Data Blocks: D1, D2, D3, D4
Leaf Hashes: H1 = SHA256(D1), H2 = SHA256(D2), H3 = SHA256(D3), H4 = SHA256(D4)
First Level: H12 = SHA256(H1 + H2), H34 = SHA256(H3 + H4)
Root: Root = SHA256(H12 + H34)

graph BT
    D1["D1"] --> H1["H1 = SHA256(D1)"]
    D2["D2"] --> H2["H2 = SHA256(D2)"]
    D3["D3"] --> H3["H3 = SHA256(D3)"]
    D4["D4"] --> H4["H4 = SHA256(D4)"]

    H1 --> H12["H12 = SHA256(H1 + H2)"]
    H2 --> H12
    H3 --> H34["H34 = SHA256(H3 + H4)"]
    H4 --> H34

    H12 --> Root["Root = SHA256(H12 + H34)"]
    H34 --> Root

This Merkle root can be used to verify the integrity of the entire dataset efficiently. If any data block is altered, the hash of its corresponding leaf node will change, causing a mismatch in the Merkle root.

Unbalanced Merkle Trees

In some cases, the number of data blocks may not be a power of two, resulting in an unbalanced Merkle tree.

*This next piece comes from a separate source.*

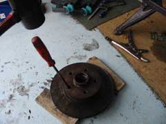 To remove this, just place a screwdriver through the hub and onto the disc. Lightly tap it with a mallet to remove it, allowing you to reach the bolts. The bolts are torqued tight, so the safest way to remove them is to rebolt the hub to a wheel, holding the hub securely. You can then undo the bolts without any chance of damaging the hub on a vice. You'll need to keep the bolts to use with the new discs.

In such cases, the last node is duplicated to form a pair with itself during the pairing process. This duplication ensures that the tree remains balanced and the integrity verification process works correctly.

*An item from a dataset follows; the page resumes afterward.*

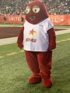 On April 11, 2022, the Stars unveiled their mascot, a monstrous red creature that drew comparisons to other Philadelphia sports mascots Gritty and the Phillie Phanatic.[9][10] The Stars then held a Twitter poll asking fans whether the mascot should be named "Astro", "Cosmo", or "Blob".[11] "Blob" took 65 percent of the vote, and the name was confirmed on April 15.[12] The Stars have offered few details about Blob besides describing him as "out of this world" and noting that he enjoys dancing.[13]

Example of Unbalanced Merkle Tree

Let's consider an example where we have 5 data blocks: D1, D2, D3, D4, and D5. Since 5 is not a power of two, the last node (D5) will be duplicated to form a pair with itself during the pairing process.

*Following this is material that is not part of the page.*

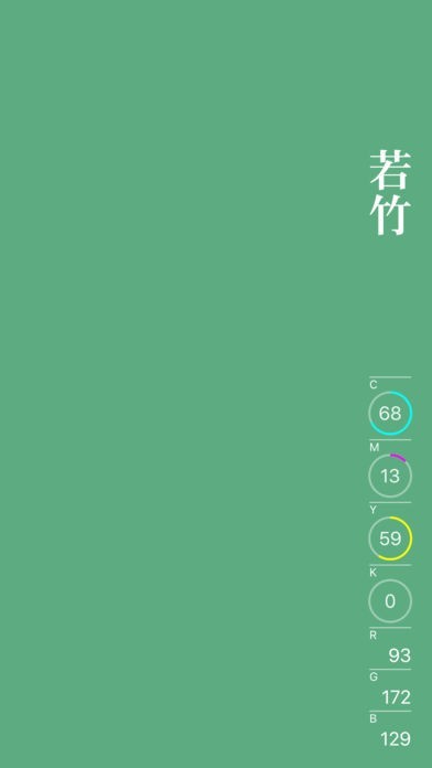 色彩の名称をクリックすると、画面の色味はその色彩に変わります。クリックひとつであなたのスマートフォンがパレットのように自在に変化し、色彩について調べることができます。

The calculation of the Merkle tree for this example would be as follows:

Data Blocks: D1, D2, D3, D4, D5
Leaf Hashes: H1 = SHA256(D1), H2 = SHA256(D2), H3 = SHA256(D3), H4 = SHA256(D4), H5 = SHA256(D5)
First Level: H12 = SHA256(H1 + H2), H34 = SHA256(H3 + H4), H55 = SHA256(H5 + H5)
Second Level: H1234 = SHA256(H12 + H34), H5555 = SHA256(H55 + H55)
Root: Root = SHA256(H1234 + H5555)

graph BT
  D1["D1"] --> H1["H1 = SHA256(D1)"]
  D2["D2"] --> H2["H2 = SHA256(D2)"]
  D3["D3"] --> H3["H3 = SHA256(D3)"]
  D4["D4"] --> H4["H4 = SHA256(D4)"]
  D5["D5"] --> H5["H5 = SHA256(D5)"]

  H1 --> H12["H12 = SHA256(H1 + H2)"]
  H2 --> H12
  H3 --> H34["H34 = SHA256(H3 + H4)"]
  H4 --> H34
  H5 --> H55["H55 = SHA256(H5 + H5)"]
  H5 --> H55

  H12 --> H1234["H1234 = SHA256(H12 + H34)"]
  H34 --> H1234
  H55 --> H5555["H5555 = SHA256(H55 + H55)"]
  H55 --> H5555

  H1234 --> Root["Root = SHA256(H1234 + H5555)"]
  H5555 --> Root

In this example, the unbalanced Merkle tree ensures that the integrity verification process works correctly, even with a non-power-of-two number of data blocks.

Merkle Proofs

Merkle Proofs, also known as Merkle Paths or Merkle Inclusion Proofs, are cryptographic proofs that allow a client to verify the inclusion of a specific data block in a Merkle tree without having to download the entire tree.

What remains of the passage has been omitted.